◆ GOAL OF THE EXERCISE ◆
Retype all entries exactly, skipping pictures.

◆ INFORMATION GIVEN ◆
--------------------------------

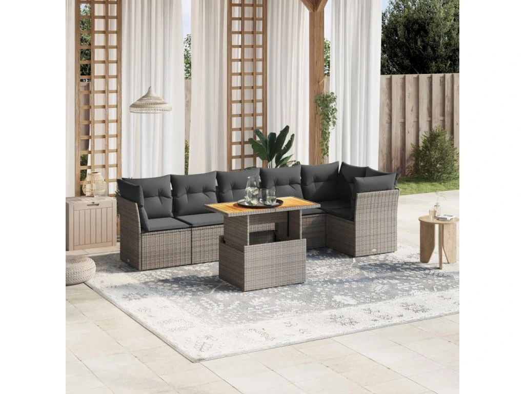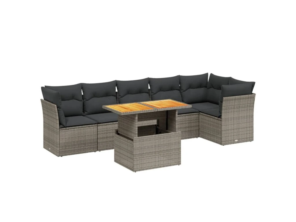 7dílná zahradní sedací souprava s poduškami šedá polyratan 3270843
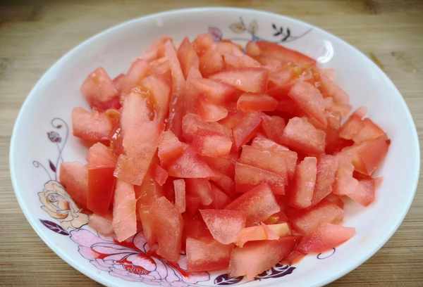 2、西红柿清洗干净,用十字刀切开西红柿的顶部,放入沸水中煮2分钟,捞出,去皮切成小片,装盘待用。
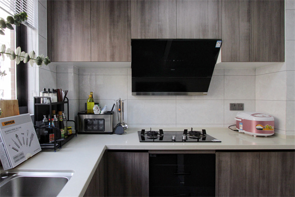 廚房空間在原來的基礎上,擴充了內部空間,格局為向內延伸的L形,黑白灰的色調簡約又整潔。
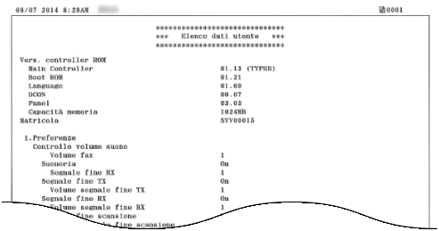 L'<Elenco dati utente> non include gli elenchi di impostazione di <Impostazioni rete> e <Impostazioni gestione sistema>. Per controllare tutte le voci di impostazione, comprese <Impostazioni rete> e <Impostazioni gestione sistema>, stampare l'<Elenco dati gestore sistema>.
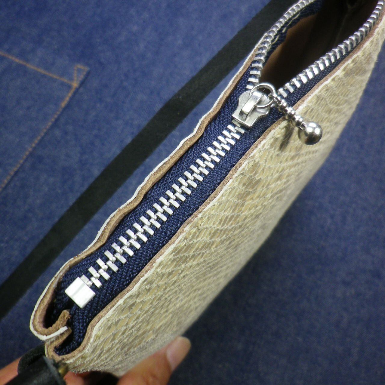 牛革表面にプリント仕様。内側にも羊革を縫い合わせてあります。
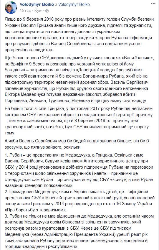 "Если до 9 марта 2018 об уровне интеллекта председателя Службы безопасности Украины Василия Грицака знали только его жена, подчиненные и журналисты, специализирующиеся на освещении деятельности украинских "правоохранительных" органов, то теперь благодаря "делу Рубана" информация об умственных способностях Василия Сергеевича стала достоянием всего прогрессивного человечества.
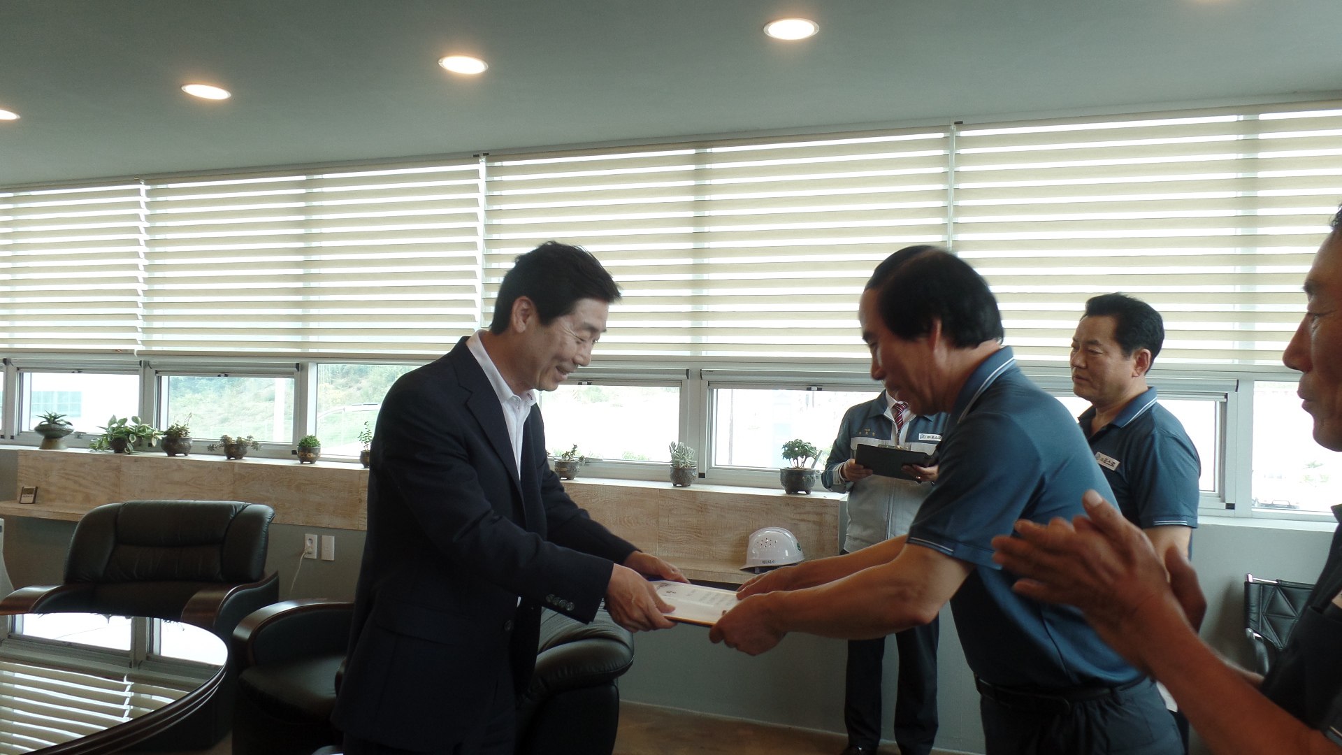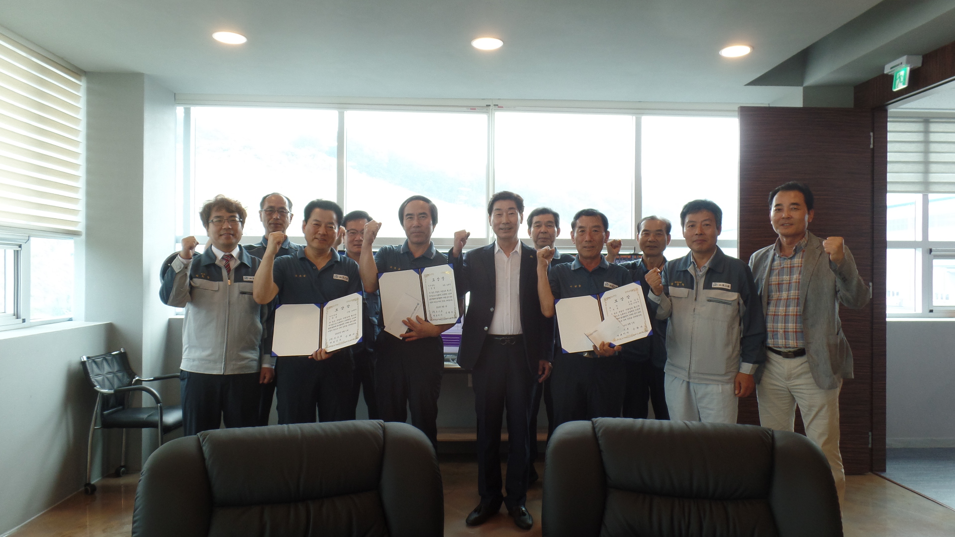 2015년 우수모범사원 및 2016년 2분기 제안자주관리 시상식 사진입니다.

--------------------------------

◆ YOUR SOLUTION ◆
 7dílná zahradní sedací souprava s poduškami šedá polyratan 3270843
 2、西红柿清洗干净,用十字刀切开西红柿的顶部,放入沸水中煮2分钟,捞出,去皮切成小片,装盘待用。
 廚房空間在原來的基礎上,擴充了內部空間,格局為向內延伸的L形,黑白灰的色調簡約又整潔。
 L'<Elenco dati utente> non include gli elenchi di impostazione di <Impostazioni rete> e <Impostazioni gestione sistema>. Per controllare tutte le voci di impostazione, comprese <Impostazioni rete> e <Impostazioni gestione sistema>, stampare l'<Elenco dati gestore sistema>.
 牛革表面にプリント仕様。内側にも羊革を縫い合わせてあります。
 "Если до 9 марта 2018 об уровне интеллекта председателя Службы безопасности Украины Василия Грицака знали только его жена, подчиненные и журналисты, специализирующиеся на освещении деятельности украинских "правоохранительных" органов, то теперь благодаря "делу Рубана" информация об умственных способностях Василия Сергеевича стала достоянием всего прогрессивного человечества.
 2015년 우수모범사원 및 2016년 2분기 제안자주관리 시상식 사진입니다.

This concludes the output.